通訳案内士は喰えない資格なのか

2018年から通訳案内士という資格は業務独占でなくなり、資格を保持していなくても通訳ガイドの仕事をすることができるようになりました。しかし、依然として語学系では唯一の国家資格です。英検やTOEICは資格じゃなくて検定ですからね。

語学系唯一の国家資格と言うと聞こえが良いですが、この資格は一部で「喰えない資格」であることが公然の事実となっております。喰えないとは、即ち、生活に十分なほどのお金を稼げない資格ということです。実際にはこの仕事で生計を立てている人はたくさん居るので、喰えないと言うのは言い過ぎです。というか、喰えてる人と喰えてない人が居るので、この資格をもってどちらだと割り切れるようなものではありません。この記事では、実際に通訳案内士として就業している私の視点から、この資格は本当に喰えない資格なのかを考えてみようと思います。

なぜ喰えない資格だと言われるかと言うと、この資格を管轄している観光庁が行った調査で明らかになった収入の実態が元になっています。

通訳案内士の就業実態等について(平成26年12月)

最も重要なポイントは通訳ガイドとしての年収は200万円以下が約5割というデータです。年収200万円以下では、生計を成り立たせるのは厳しいですね。ただ、このデータを見る時には、注意しなければならないことがあります。

それは、そもそもその人達が、フルタイムで通訳案内士の仕事をしようとしている人なのかということです。これは私の感覚的な話なのですが、通訳案内士をしている人は、年金生活者や、主婦の方が多い印象があります。あと、このデータは通訳案内士の仕事が、何か他の仕事の副業になっているケースも含まれています。

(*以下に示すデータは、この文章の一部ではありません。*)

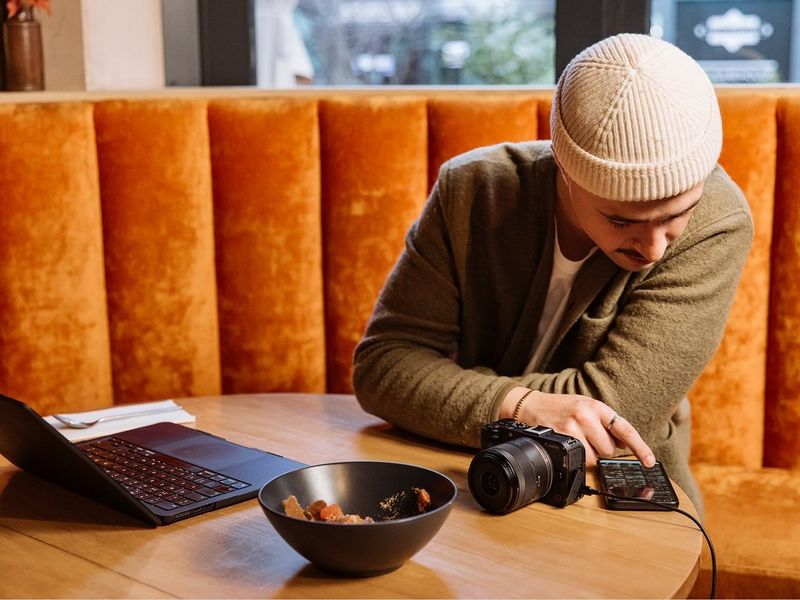 Never worry about battery life interrupting your creative flow. The Canon EOS R50 V auto-transfers your files while charging, so you can back up your footage even while the camera is off.

専業の人と、そもそもパートタイムでやりたい人を一緒くたに比べているから、こういうデータが出てしまうんですね。

とはいえ、フルタイムでやる気のある人がみんな喰えているかと言うと、全くもってそんなことはありません。年収200万以下が半数というのは、結果としてパートタイムになってしまっている人がたくさんいるからです。

かく言う私も、全く喰えていません(笑)初年度は貯金を使って生活してましたし、2年目は仕事も収入も増えましたが生活はほぼトントンです。私の1年目の例で言うと、ガイドとしての就業日数は30日程度しかありませんでした。他の日は、ガイド技術や、英語の勉強をしていました。日当は、会社や担当する業務によって幅があるのですが、1日働いたらだいたい2万円ぐらいでしたので(新人の料金がこれぐらいです)、年収100万も全然到達しませんね。私の仕事が少なかった理由は、田舎に住んでいたということもあります。やはり仕事は東京、京都に集中しますね。東京でしたら、お客様のお迎えなど新人向きの仕事などもあるので、稼働日数はかなり増やしやすいです。

1年目の私はとても喰えるような状況ではありませんでしたが、実際にこの仕事でどれくらい稼げるのかは、かなり人によります。実力があって、尚且つ営業も上手い人は、年収600万ぐらいはある印象がありますね。年収600万と言っても、サラリーマンとは就労形態が違うので、長期の休み等があって、サラリーマンより自由を感じられると思います。

まとめ

通訳ガイドが食えない資格と言われるのは、政府の行った調査で、通訳ガイドの約5割が年収200万円以下であることが公然の事実となったからです。しかし実際にこの仕事でどれくらい稼げるかは人によります。なので、どうやったら稼げるようになるのかを考えることが大事ですね。その方法については、別の記事で書きます。